Rząd zapowiedział, że program dopłat do roweru elektrycznego zostanie już wkrótce uruchomiony. Wygląda na to, że powoli można się rozglądać za konkretnym modelem e-jednośladu.
„Mój rower elektryczny” – kiedy start programu?
Pod koniec stycznia 2025 roku wspominaliśmy, że dopłata do roweru elektrycznego będzie jednak możliwa. Za program „Mój rower elektryczny” odpowiadać ma Narodowy Fundusz Ochrony Środowiska i Gospodarki Wodnej (NFOŚiGW). Według założeń, na program zostanie przeznaczone 50 milionów złotych z budżetu, co zgodnie z szacunkami NFOŚiGW ma pozwolić na wsparcie zakupu ponad 17,3 tys. pojazdów.
W lutym 2025 roku zakończono już konsultacje społeczne. „Mój rower elektryczny” ma ruszyć jeszcze w tym kwartale, tj. do końca czerwca, a Ministerstwo Klimatu i Środowiska prowadzi ostateczne prace nad programem. Mimo to resort nie odpowiedział na pytania na temat tego, czy założony budżet programu zostanie zwiększony.

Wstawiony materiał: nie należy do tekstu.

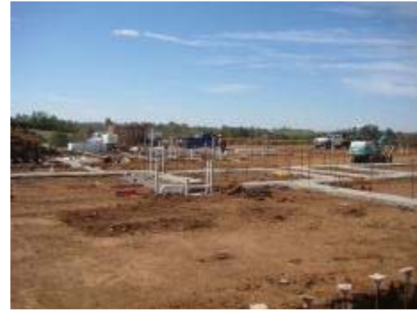
Classroom Bldg. Site – Footings & MEP
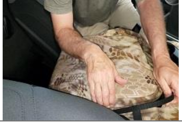
Step 12. Lid/L:

Fold the Velcro™ into the cavity and note where they will lay inside. Clean the areas with rubbing alcohol by scrubbing hard and wiping it dry while it's still wet. Pull the Velcro™ snug, then peel off the backing and press the adhesive Velcro™ onto the plastic. If the adhesive isn't sticking, clean the areas with warm soapy water, then rubbing alcohol again.

Przypomnę, że w zeszłym roku rząd wycofał się z dopłat na zakup rowerów elektrycznych przez odmowę Europejskiego Banku Inwestycyjnego na wsparcie zakupu e-rowerów ze środków unijnych Funduszu Modernizacyjnego. Wtedy też zakładano budżet dla programu, sięgający 300 milionów złotych.
Dopłata do roweru elektrycznego. Jaka wysokość i dla kogo?
Na ten moment Ministerstwo nie przekazało informacji na temat tego, czy program zostanie zmodyfikowany w porównaniu do wersji, jaka trafiła do konsultacji. Zgodnie z założeniami, beneficjentem dopłaty ma być osoba fizyczna.
Dotacja na e-rower miałaby wynieść maksymalnie 50% kosztów kwalifikowanych, przy czym kwota ta nie mogłaby przekraczać 2,5 tysiąca złotych. W przypadku rowerów cargo oraz wózków rowerowych kwota ta ma zwiększyć się do 4,5 tysiąca złotych. Na ten moment plan nie obejmuje wsparcia pojazdów kupowanych w ramach leasingu. Ponadto dopłata miałaby być wypłacana po zakupie pojazdu.
„Mój rower elektryczny” to kolejny planowany program rządowy, mający wspierać Polaków w zakupie e-pojazdów. Aktualnie trwa nabór wniosków w ramach programu „NaszEauto”. Dzięki niemu, kupując samochód elektryczny, można zaoszczędzić do 40 tysięcy złotych.